Он поднял голову и посмотрел ей в лицо. Быть может, дело было в свете, который лился в окно и бликами играл на его волосах, быть может, в едва заметном удивлении, сквозившем в его улыбке, но Софи вмиг оказалась отброшенной более чем на десять лет назад, к тому мгновению, когда впервые увидела его и узнала.
От его улыбки у нее на сердце стало светло. Его любовь выманила ее из норы и научила доверять. К этому всю жизнь стремилась ее душа – просто к доверию, которое другим дается само собой. К тому, чтобы, протянув ночью руку, быть уверенной, что он рядом, успокоит ее страхи, осушит слезы и будет до самого рассвета держать ее руку в своих руках. Она мечтала встретить человека, который всегда был бы рядом, когда он ей нужен, человека, который полюбил бы ее настолько сильно, чтобы все это сбылось.

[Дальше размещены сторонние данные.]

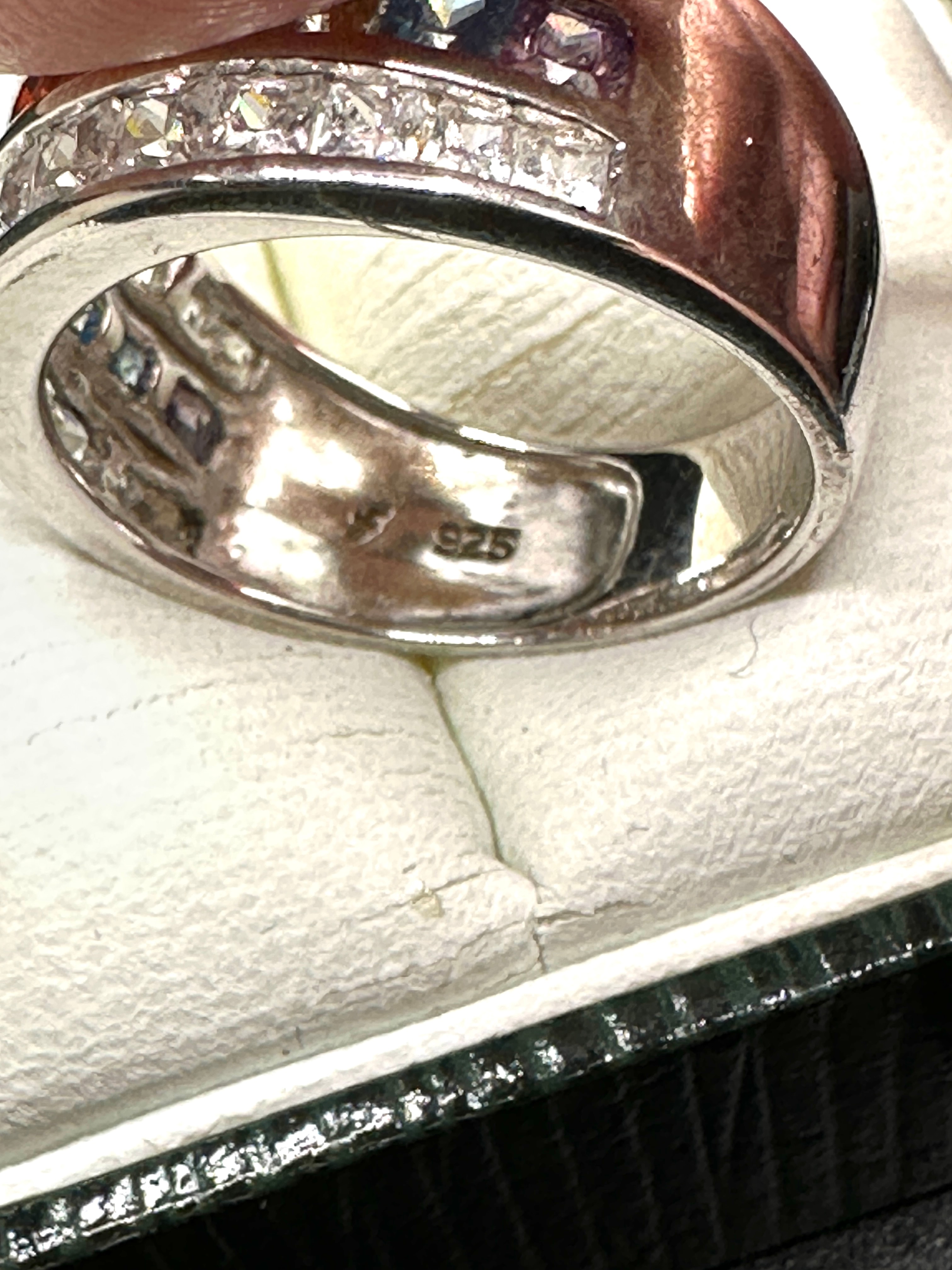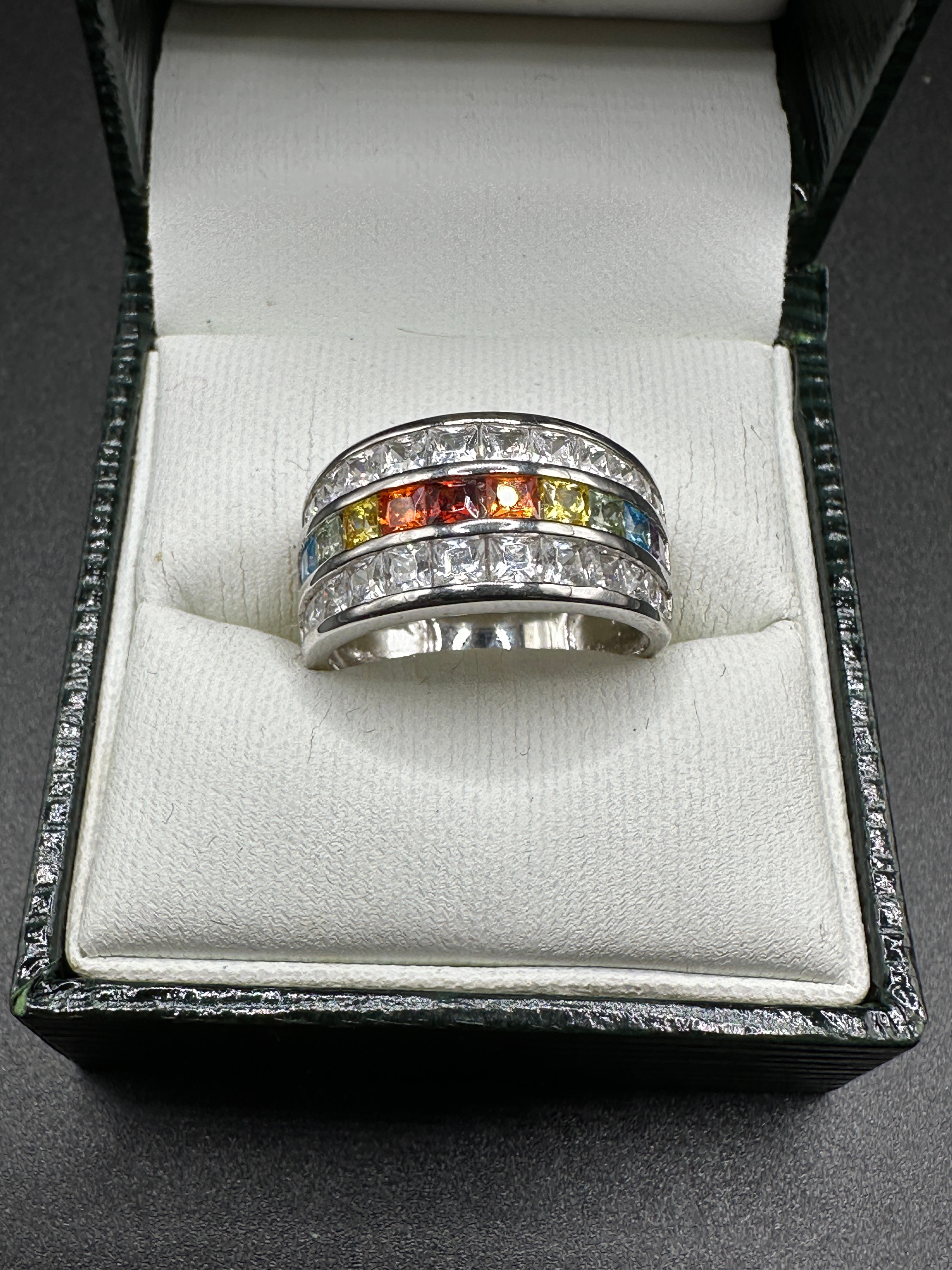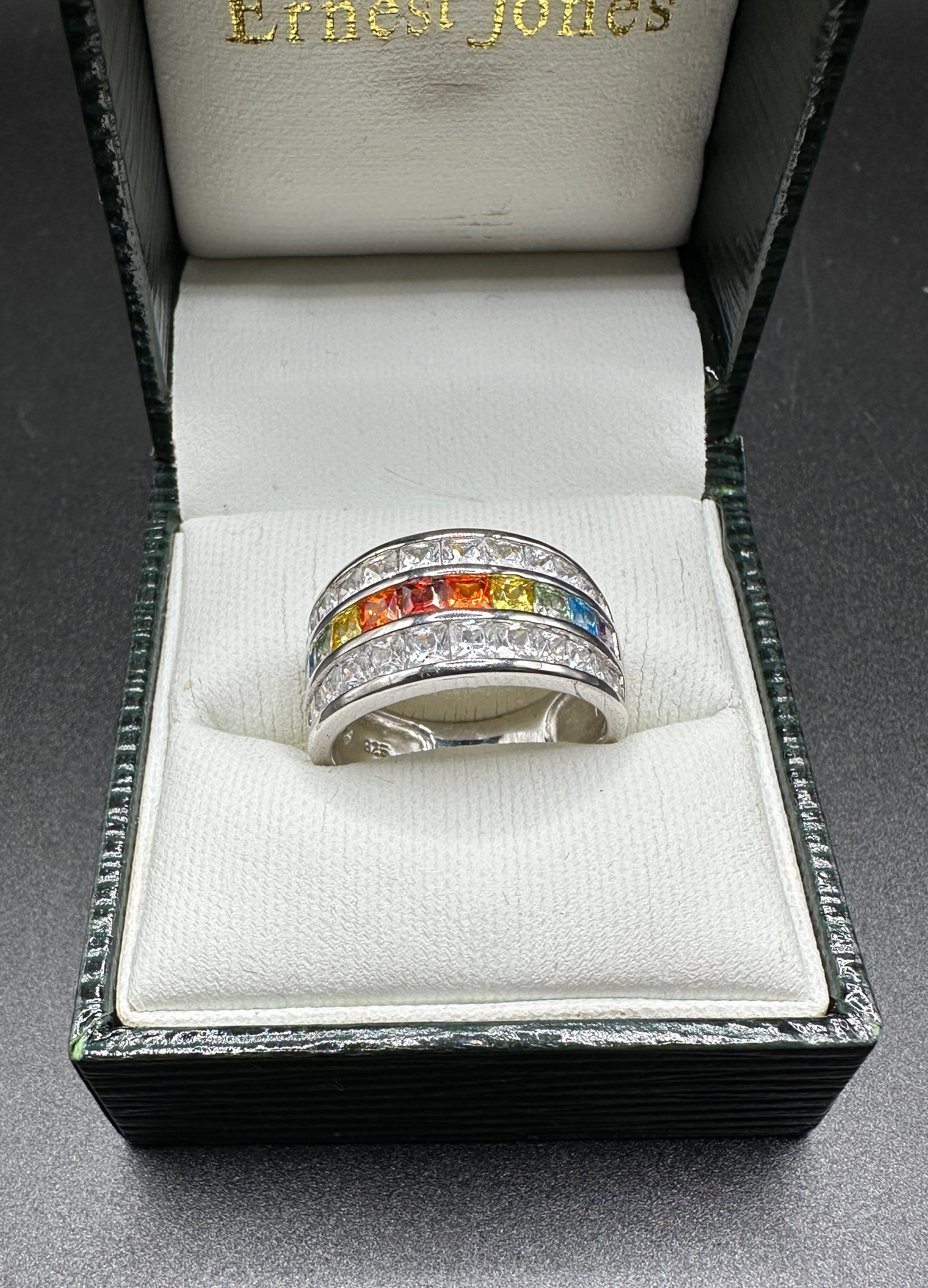 A Park Lane ‘Over the Rainbow’ ring, crafted in sterling silver, marked ‘925’ to the interior band. The wide, multi-row band features a central row of channel-set, square-cut, multi-colored stones displaying a spectrum of red, orange, yellow, green, blue, and purple hues. This central row is flanked by two outer rows of channel-set, square-cut, clear stones. Presented within an ‘Ernest Jones’ branded dark green and white box.
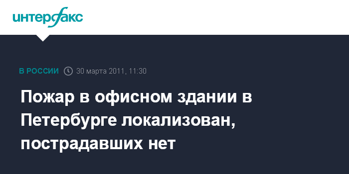 Санкт-Петербург. 30 марта. INTERFAX.RU - Пожарным удалось локализовать возгорание в офисном здании в Кировском районе Петербурга, сообщает пресс-служба Главного управления МЧС по городу в среду.

Неужели небеса послали ей такое счастье? Неужели провидение раскрыло, наконец, свои объятия навстречу Софи Уэстон?
Ответ содержался в кисточке, которую держал Джей, и в том приливе нежности, который она испытала, когда он соединял половинки. Ее ответ – это надежда, неистребимая оптимистка, которая вновь и вновь заставляет сердце открыться, позволяет сохранять веру, несмотря на опустошающую горечь утрат.
Ее ответ – это он, обожаемый незнакомец. Мужчина, который научил ее любить и переносить утраты… и дорожить тем и другим. Мужчина, который вернулся к ней.
Теперь он здесь. И любит ее именно так, как она мечтала.